▸ **Exercise requirements**
Everything from the opening line of the listing below to the line that has "Pendentif Mini Pampille, or", inclusive, should be returned exactly, except the pictures.

··········

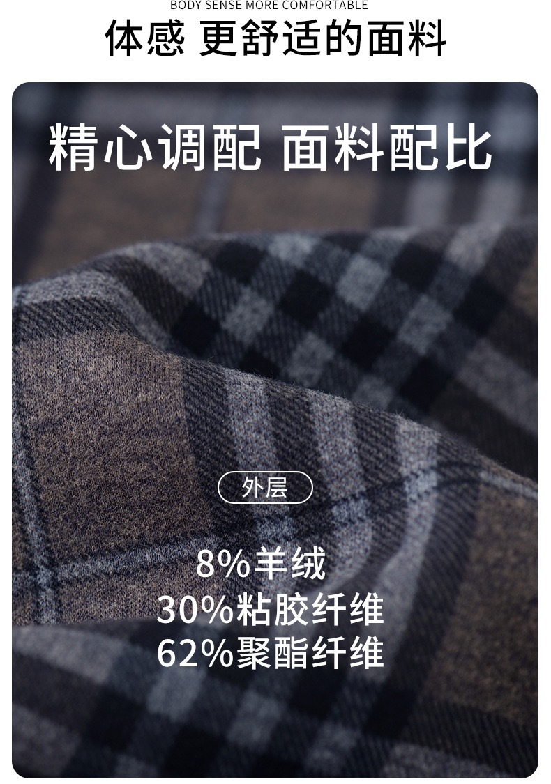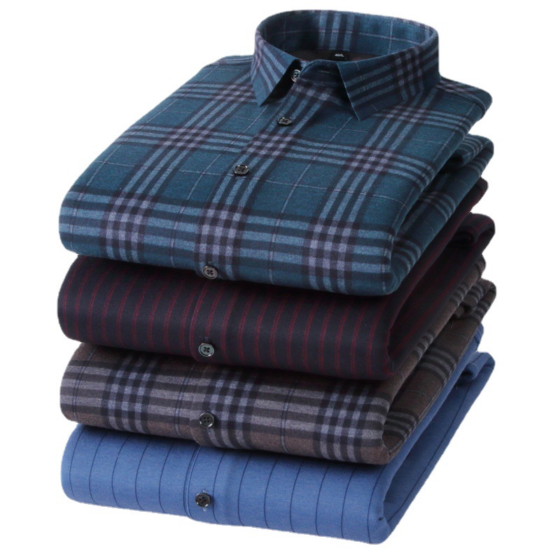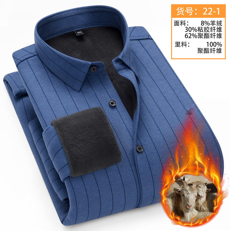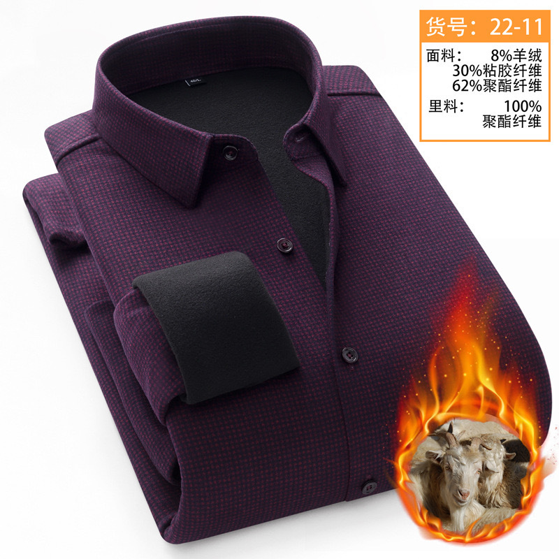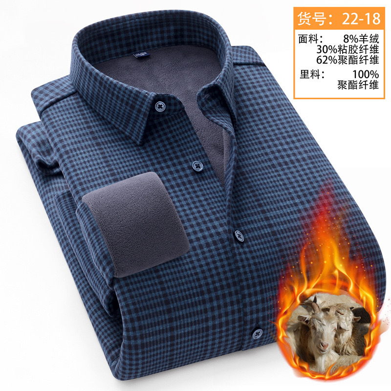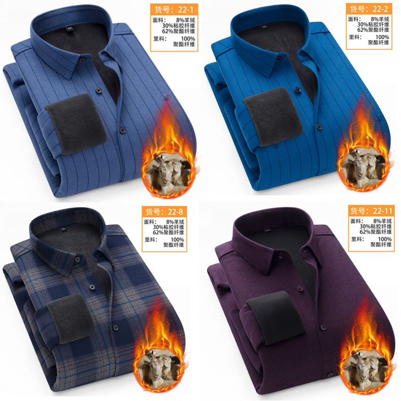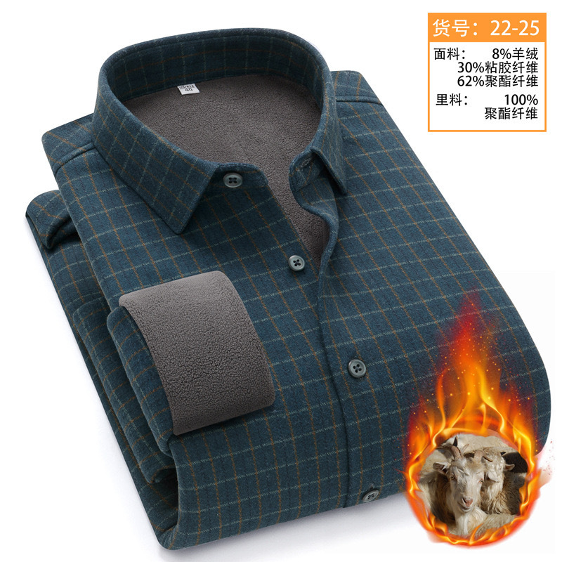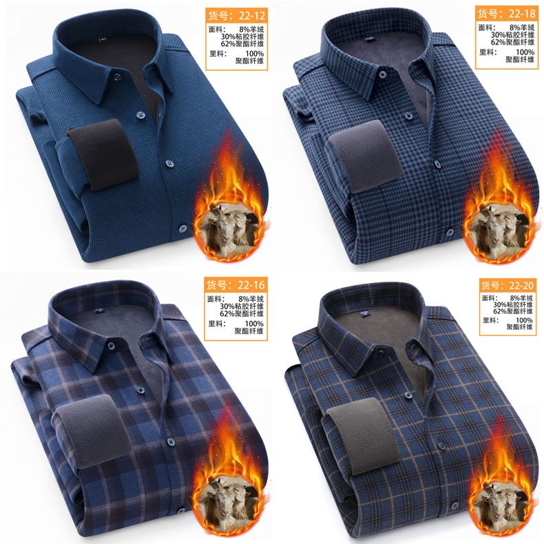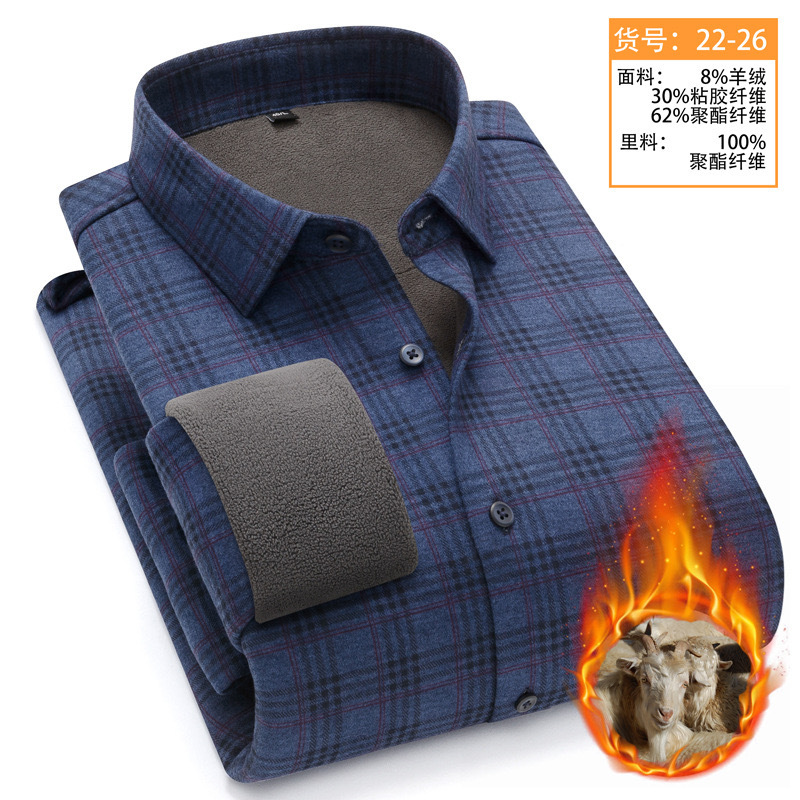 冬季新款保暖衬衫男加绒加厚商务格子羊绒衬衫高档中年男装现货
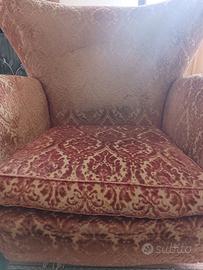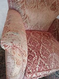 Salotto composto da 3 elementi: un grande divano tre posti e due poltrone. In velluto damascato rosa antico su struttura e piedi di legno massiccio. Molto solido, anche se la tappezzeria delle due poltrone è logora sui braccioli e a tratti sbiadita. Quella del divano è solamente schiarita sullo schienale. I pezzi sono vendibili anche singolarmente: DIVANO 80€, POLTRONE 30€/pezzo
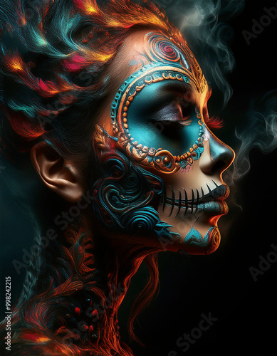 mexico, death, woman, paint, make-up, fantasy, face, portrait, glamour, elegance, costume, art, style, candle, mystical, party, caravel, beautiful, face, traditional, halloween, cemetery, dead, carnival, skull, mystery
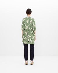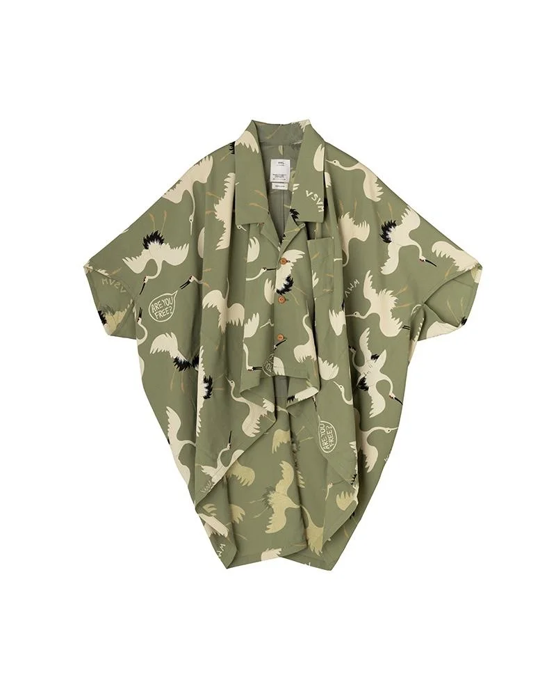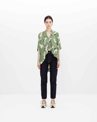 RUANA BLOUSE HIKAKU COLOR: BLACK, LT.GREEN SIZE: 0, 1 Rayon fabric shirt with a custom printed graphic Pressed Finish Custom Bamboo buttons Please Note : 100% RAYON SIZE 0 : L 68 , W 89.5 (cm) SIZE 1 : L 70 , W 91.5 (cm) Please be aware that there may also be slight variations in the color of the fabric and pattern than shown in the images. There will be slight shrinkage when washing for the first time.
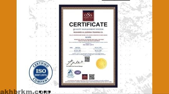 شركة مصادر الجزيرة التجارية ” صرح تجاري يصل العالمية ويحصل على شهادة ISO 9001
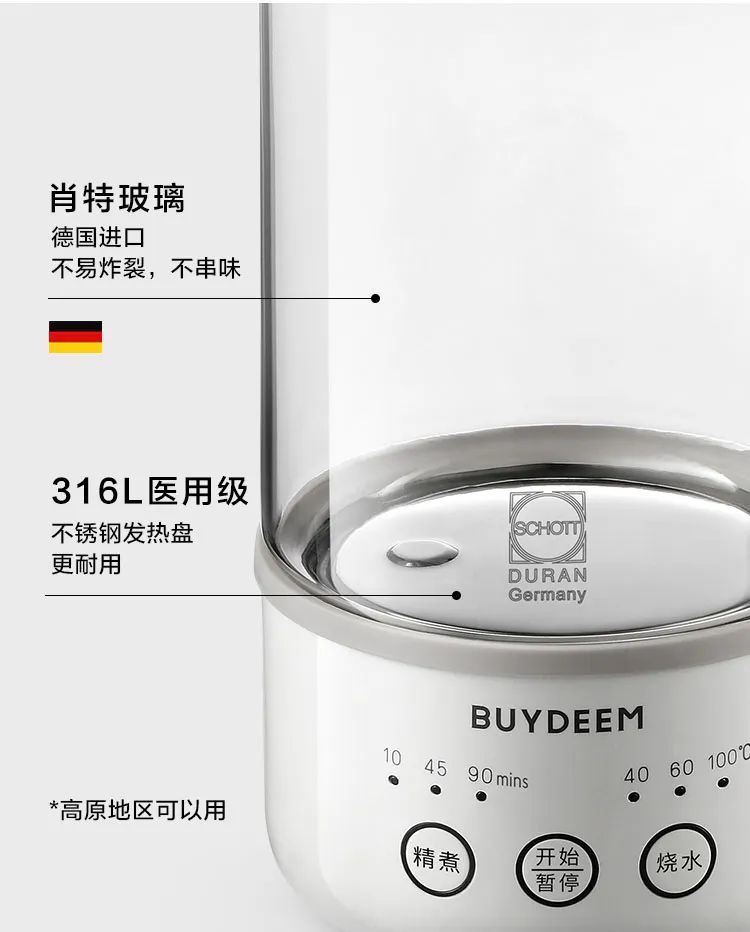 德国进口的肖特玻璃、比304更高级的316不锈钢、北鼎独家温控系统、简约却灵敏的按键······
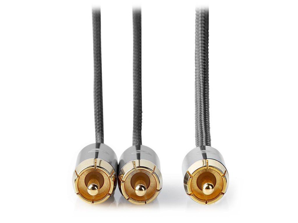 Nedis PROFIGOLD RCA na 2× RCA 3 m šedý; Vysoce kvalitní audio kabel je ideálním řešením pro připojení subwooferu s 2× RCA vstupem k výstupu PRE/subwooferu na zesilovači nebo přijímači. Opletený kabel zaručuje dlouhodobou spolehlivost a ochranu proti ú...
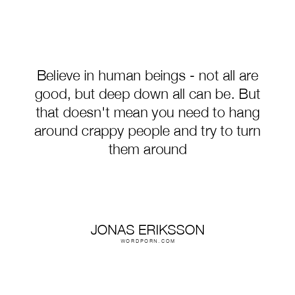Believe in human beings - not all are good, but deep down all can be. But that doesn't mean you need to hang around crappy people and try to turn them around
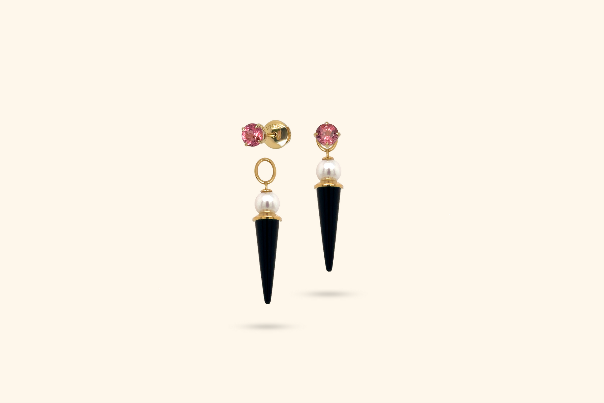 Pendentif Mini Pampille, or jaune, perle, onyx
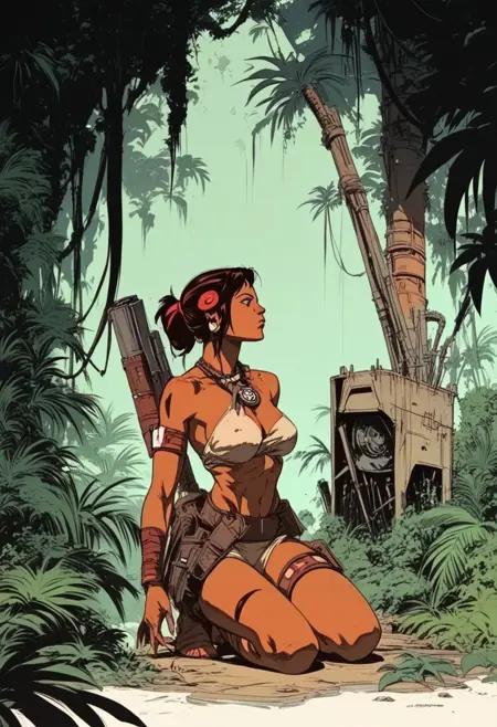 This LoRA is trained to reproduce a vintage illustrated comic style, with a focus of detailed line art and minimalist colors.
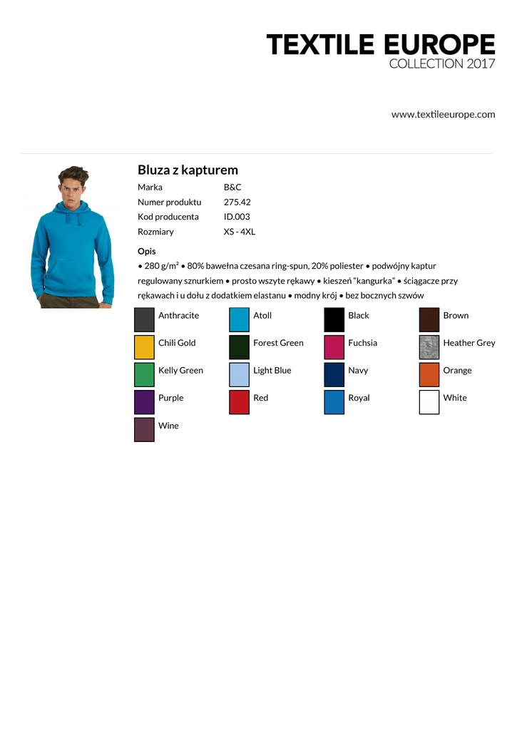 Bluza z kapturem Marka B&C Numer produktu 275.42 Kod producenta ID.003 Rozmiary XS - 4XL Opis • 280 g/m² • 80% bawełna czesana ring-spun, 20% poliester • podwójny kaptur regulowany sznurkiem • prosto wszyte rękawy • kieszeń “kangurka” • ściągacze przy rękawach i u dołu z dodatkiem elastanu • modny krój • bez bocznych szwów Anthracite Atoll Black Brown Chili Gold Forest Green Fuchsia Heather Grey Kelly Green Light Blue Navy Orange Purple Red Royal White Wine
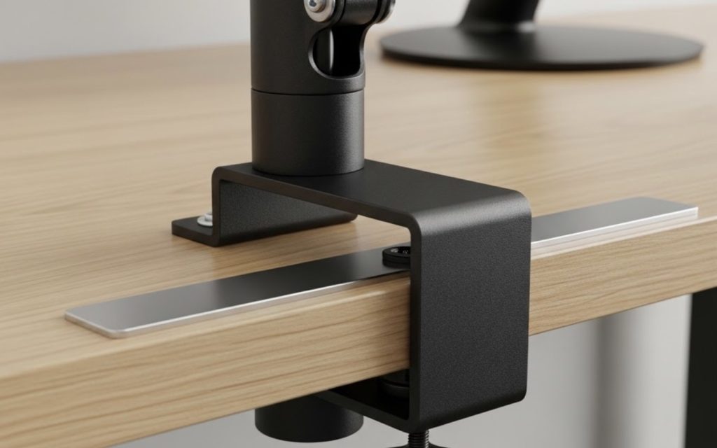 デスクの奥に金属フレームなどの段差がありクランプが挟めない場合は補強プレートや当て木で平らな面を作れます。木の板やモニターアーム用の補強プレートを挟むことでクランプの設置面を確保できます。
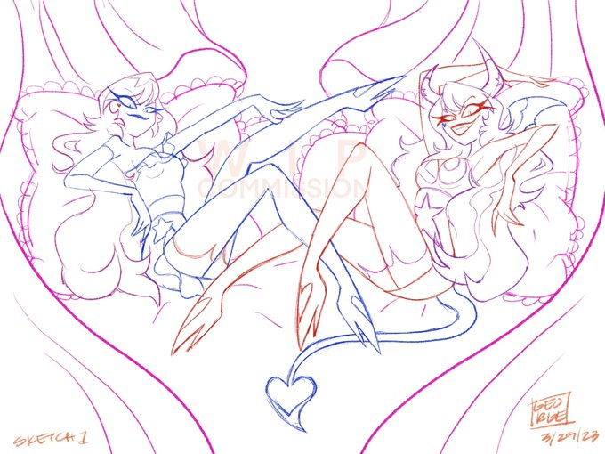 Honestly, they look cute as a couple 😍 commissioned by @TheDoomSlayer42 #HelluvaBoss #HelluvaBossFanart #HelluvabossVerosika #DOOM #doomslayer #DoomEternal #Commission #commissionart
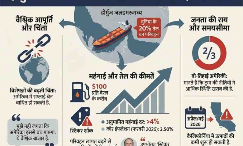 अभी फरवरी 2026 में अमेरिका की महंगाई (कोर इंफ्लेशन) दर 2.50 फीसदी थी , लेकिन युद्ध के कारण तेल की कीमतें 100 डॉलर प्रति बैरल के करीब बनी हुई हैं. पीटरसन इंस्टीट्यूट की विशेषज्ञ गैरी हुफबॉर का अनुमान है कि ईरान युद्ध के कारण महंगाई 4 प्रतिशत या उससे भी अधिक हो सकती है. सीएनएन के एक हालिया सर्वे के अनुसार, लगभग दो-तिहाई अमेरिकी नागरिकों का मानना है कि राष्ट्रपति डोनाल्ड ट्रंप की नीतियों ने आर्थिक स्थितियों को खराब किया है. जेपी मॉर्गन की एक रिपोर्ट कहती है कि अमेरिका तेल की कमी से प्रभावित होने वाला अंतिम बाजार होगा, लेकिन कैलिफोर्निया में अप्रैल के अंत या मई से उत्पादों की कमी शुरू हो सकती है.
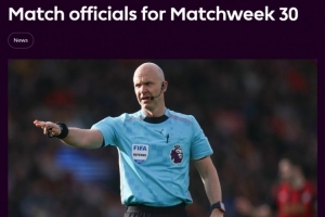 英超第30轮裁判

··········

▸ **Finished exercise**
 冬季新款保暖衬衫男加绒加厚商务格子羊绒衬衫高档中年男装现货
 Salotto composto da 3 elementi: un grande divano tre posti e due poltrone. In velluto damascato rosa antico su struttura e piedi di legno massiccio. Molto solido, anche se la tappezzeria delle due poltrone è logora sui braccioli e a tratti sbiadita. Quella del divano è solamente schiarita sullo schienale. I pezzi sono vendibili anche singolarmente: DIVANO 80€, POLTRONE 30€/pezzo
 mexico, death, woman, paint, make-up, fantasy, face, portrait, glamour, elegance, costume, art, style, candle, mystical, party, caravel, beautiful, face, traditional, halloween, cemetery, dead, carnival, skull, mystery
 RUANA BLOUSE HIKAKU COLOR: BLACK, LT.GREEN SIZE: 0, 1 Rayon fabric shirt with a custom printed graphic Pressed Finish Custom Bamboo buttons Please Note : 100% RAYON SIZE 0 : L 68 , W 89.5 (cm) SIZE 1 : L 70 , W 91.5 (cm) Please be aware that there may also be slight variations in the color of the fabric and pattern than shown in the images. There will be slight shrinkage when washing for the first time.
 شركة مصادر الجزيرة التجارية ” صرح تجاري يصل العالمية ويحصل على شهادة ISO 9001
 德国进口的肖特玻璃、比304更高级的316不锈钢、北鼎独家温控系统、简约却灵敏的按键······
 Nedis PROFIGOLD RCA na 2× RCA 3 m šedý; Vysoce kvalitní audio kabel je ideálním řešením pro připojení subwooferu s 2× RCA vstupem k výstupu PRE/subwooferu na zesilovači nebo přijímači. Opletený kabel zaručuje dlouhodobou spolehlivost a ochranu proti ú...
Believe in human beings - not all are good, but deep down all can be. But that doesn't mean you need to hang around crappy people and try to turn them around
 Pendentif Mini Pampille, or jaune, perle, onyx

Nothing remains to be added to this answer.